_How to complete this task:_ Copy exactly, and copy nothing else: the line that contains "Texture of broken" and all lines after it in the listing, without pictures.

_Dataset section:_
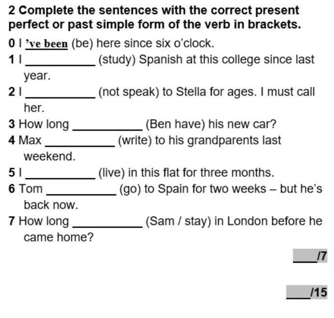 6 Tom has gone to Spain for two weeks - but he's back now.
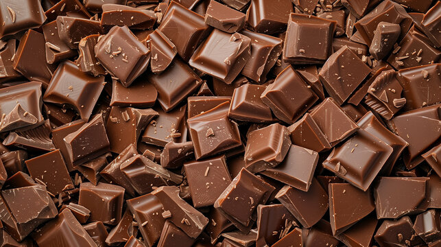 Texture of broken chocolate. Chocolate background. A bar of dark or milk chocolate is broken into pieces. Sweet food, dessert, cocoa
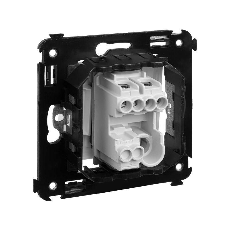 Кнопка одноклавишная. Назначение: для монтажа в подрозеточные коробки глубиной не менее 45 мм (код 59301). Используется в качестве кратковременного включения источника питания энергией. Характеристики: 2 модуля, диаметр отверстий для ввода кабелей – 3 мм (по 2 отверстия на одну клемму); винтовые зажимы; шаблон для зачистки кабеля – 11 мм; номинальный ток – 10 A; номинальное напряжение – 230 В; фиксация в подрозеточные коробки при помощи каркаса с лапками (код 4400802) и саморезов. Цвет: "Ванильная дымка".

_Result of the task:_
 Texture of broken chocolate. Chocolate background. A bar of dark or milk chocolate is broken into pieces. Sweet food, dessert, cocoa
 Кнопка одноклавишная. Назначение: для монтажа в подрозеточные коробки глубиной не менее 45 мм (код 59301). Используется в качестве кратковременного включения источника питания энергией. Характеристики: 2 модуля, диаметр отверстий для ввода кабелей – 3 мм (по 2 отверстия на одну клемму); винтовые зажимы; шаблон для зачистки кабеля – 11 мм; номинальный ток – 10 A; номинальное напряжение – 230 В; фиксация в подрозеточные коробки при помощи каркаса с лапками (код 4400802) и саморезов. Цвет: "Ванильная дымка".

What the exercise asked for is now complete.